Uno juventino a Milano
Alla fine la festa è contagiosa, superando steccati altrimenti insormontabili…
E dire che i presupposti c’erano tutti per allontanare fino all’ultimo un’illusione. E ha funzionato. La domenica di sole lasciava presagire una giornata tutto sommato all’insegna del buondì. E a Milano il buondì ricorda – tra l’altro – la marca di una delle buone colazioni di trent’anni fa. Ma a parte le golosità c’erano tanti fattori che si sommavano, per allontanare fino all’ultimo minuto l’arrivo di uno scudetto che proprio mi stava sullo stomaco.
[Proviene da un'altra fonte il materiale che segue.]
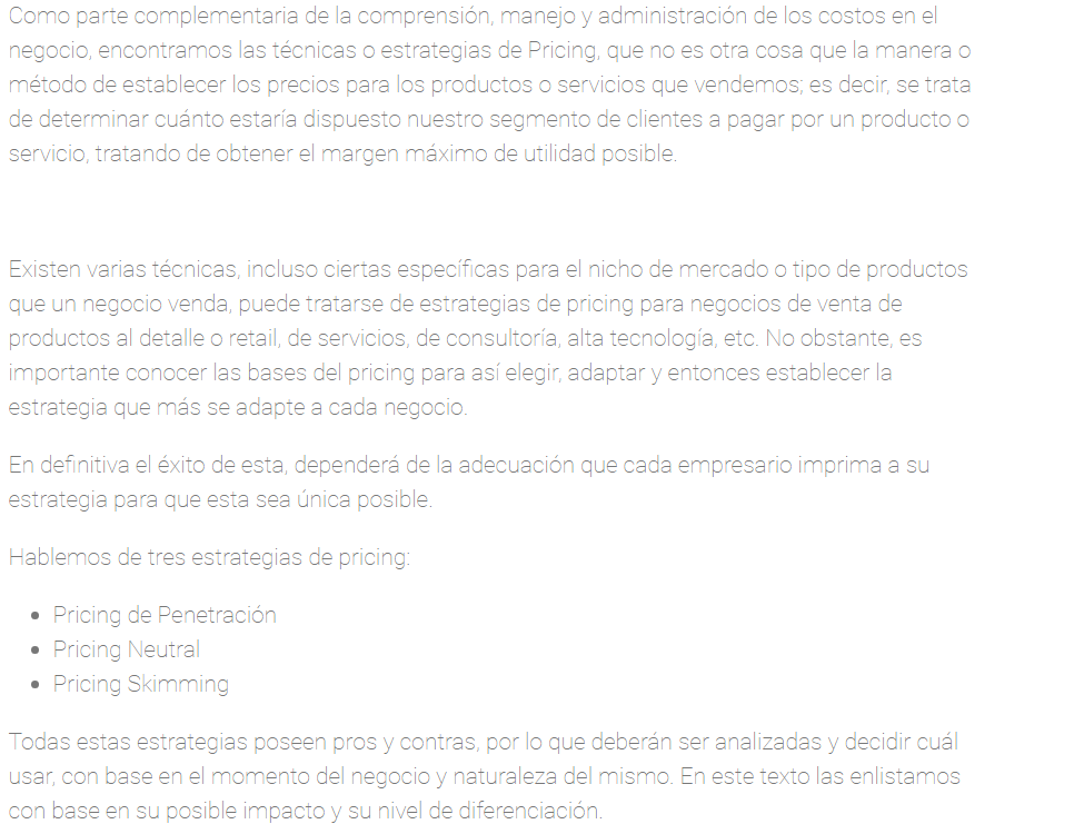 CONOCE TUS COSTOS, DETERMINA TUS PRECIOS Y EJECUTA ESTRATEGIAS COMERCIALES

Allora bel tempo, quindi gita in scooter, fino a Bergamo, a vedere una mostra di disegni e pitture di Giovanni e Stefano Davì, due amici che espongono alla Biblioteca Caversazzi. Un bel momento. Dove l’arte della matita, della china e dei pastelli regalano ai visitatori, piacevoli sensazioni ed emozioni. Bergamo è tutto un tricolore, domenica scorsa ha ospitato il raduno nazionale degli alpini. Le penne nere erano mezzo milione! Fiumi d’acqua dal cielo e torrenti di vino, la città è stata doppiamente irrigata. Ma oggi a Milano ci sono i bersaglieri. E un salto in Piazza Duomo dovrò pur farlo. Passo però prima, da Brescia, se Antonio mi invita a mangiare il baccalà alla siciliana non posso rifiutare. Momento solenne quello che vivo a tavola, e guai se qualcuno osa parlare di calcio, di scudetto, di tifo. I patti sono chiari. Mi alzerei di brutto e mi allontanerei. Dal cibo. Per fortuna che tutti sono stati ai patti, perché davanti a tanta bontà manco col carro attrezzi mi sarei allontanato da un piatto tanto prelibato.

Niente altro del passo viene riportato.